Why is a type qualifier on a return type meaningless?

Say I have this example:

char const * const
foo( ){
   /* which is initialized to const char * const */
   return str;
}

What is the right way to do it to avoid the compiler warning "type qualifier on return type is meaningless"?

Upvotes: 25

Views: 31776

Answers (3)

j-vasil
j-vasil

Reputation: 149

None of the previous answers actually answer the "right way to do it" part of the question.

I believe that the answer to this is:

char const * foo( ){

which says you are returning a pointer a constant character.

Upvotes: 2

Johannes Schaub - litb
Johannes Schaub - litb

Reputation: 506955

The way you wrote it, it was saying "the returned pointer value is const". But non-class type rvalues are not modifiable (inherited from C), and thus the Standard says non-class type rvalues are never const-qualified (right-most const was ignored even tho specified by you) since the const would be kinda redundant. One doesn't write it - example:

  int f();
  int main() { f() = 0; } // error anyway!

  // const redundant. returned expression still has type "int", even though the 
  // function-type of g remains "int const()" (potential confusion!)
  int const g();

Notice that for the type of "g", the const is significant, but for rvalue expressions generated from type int const the const is ignored.

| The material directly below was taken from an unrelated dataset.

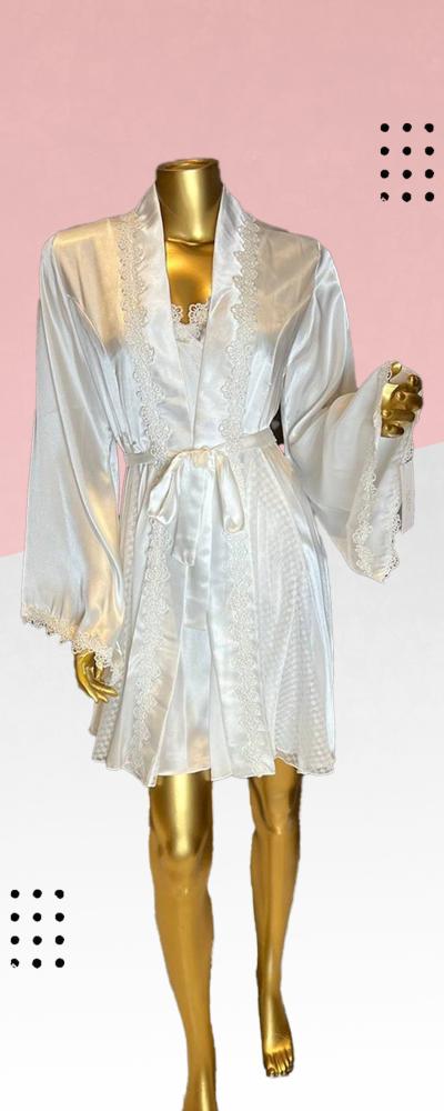 - مكون من قطعتين قميص داخلي حرير بدانتيل انيق جهة الصدر وفتحة ظهر على شكل حرف U بخيوط حريرية للتحكم بالمقاس وروب خارجي حرير مطرز بدانتيل وفتحة ظهر جميلة تعطيك مظهرا جذابا و ثلاث فتحات جانبية مغطاة ب تول شفاف راقي و اكمام راقية انسيابية نهايتها دانتيل ناعم وخيوط حريرية خلفية للتحكم بالمقاس .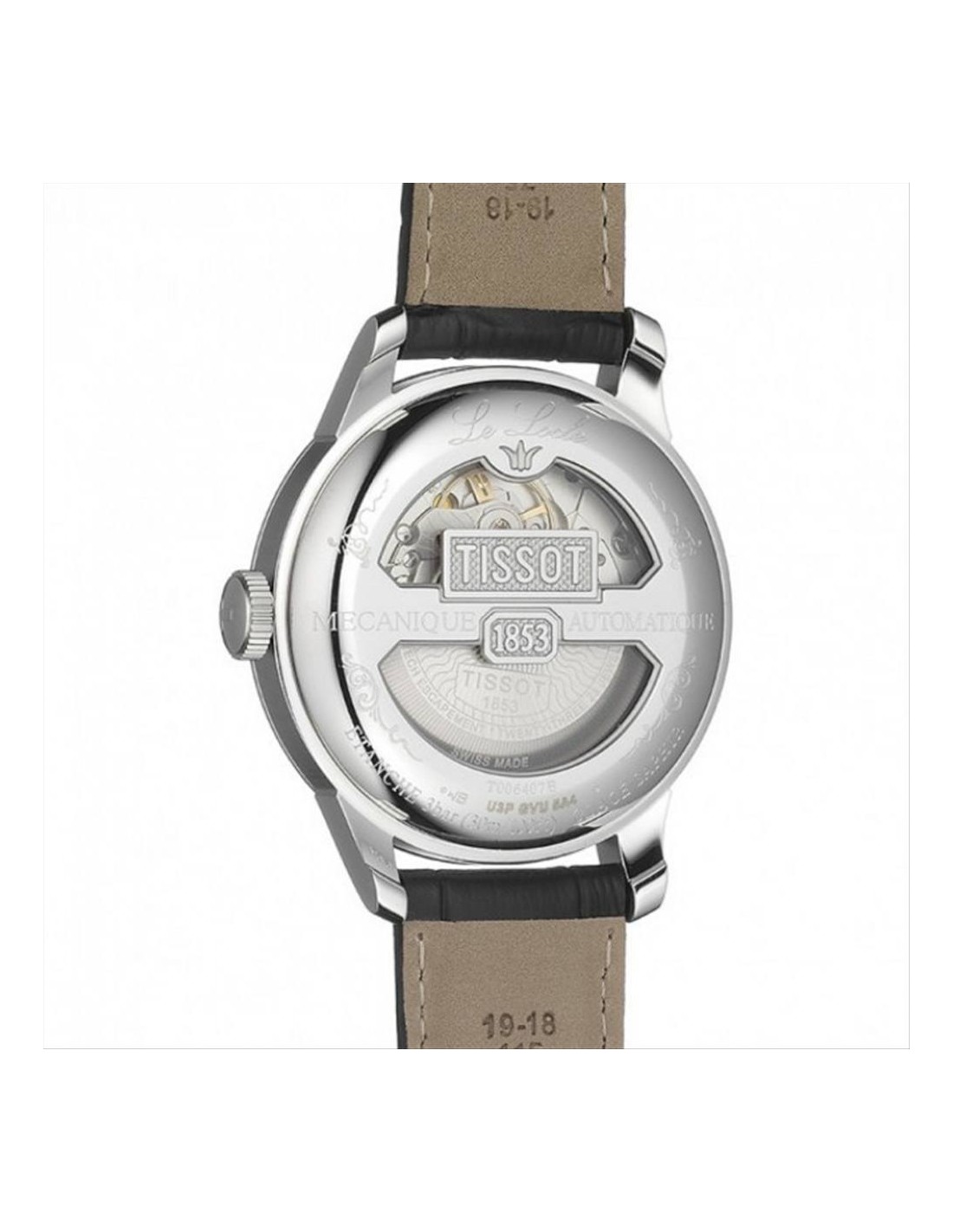 Orologio Tissot Le Locle Powermatic 80, solo tempo. Cassa in acciaio 39 mm, quadrante nero con numeri romani, vetro zaffiro con trattamento antigraffio e antiriflesso. Movimento automatico svizzero Powermatic 80 che permette 80 ore di riserva di carica, visibile attraverso il fondello. Cinturino in pelle nero, chiusura a farfalla con pulsanti. Datario alle ore 3 e impermeabilità di 3 atm.

So the following is an error:

  int const f();
  int f() { } // different return type but same parameters

There is no way known to me you could observe the "const" other than getting at the type of "g" itself (and passing &f to a template and deduce its type, for example). Finally notice that "char const" and "const char" signify the same type. I recommend you to settle with one notion and using that throughout the code.

Upvotes: 26

pmg
pmg

Reputation: 108978

In C, because function return values, and qualifying values is meaningless.
It may be different in C++, check other answers.

const int i = (const int)42; /* meaningless, the 42 is never gonna change */
int const foo(void); /* meaningless, the value returned from foo is never gonna change */

Only objects can be meaningfully qualified.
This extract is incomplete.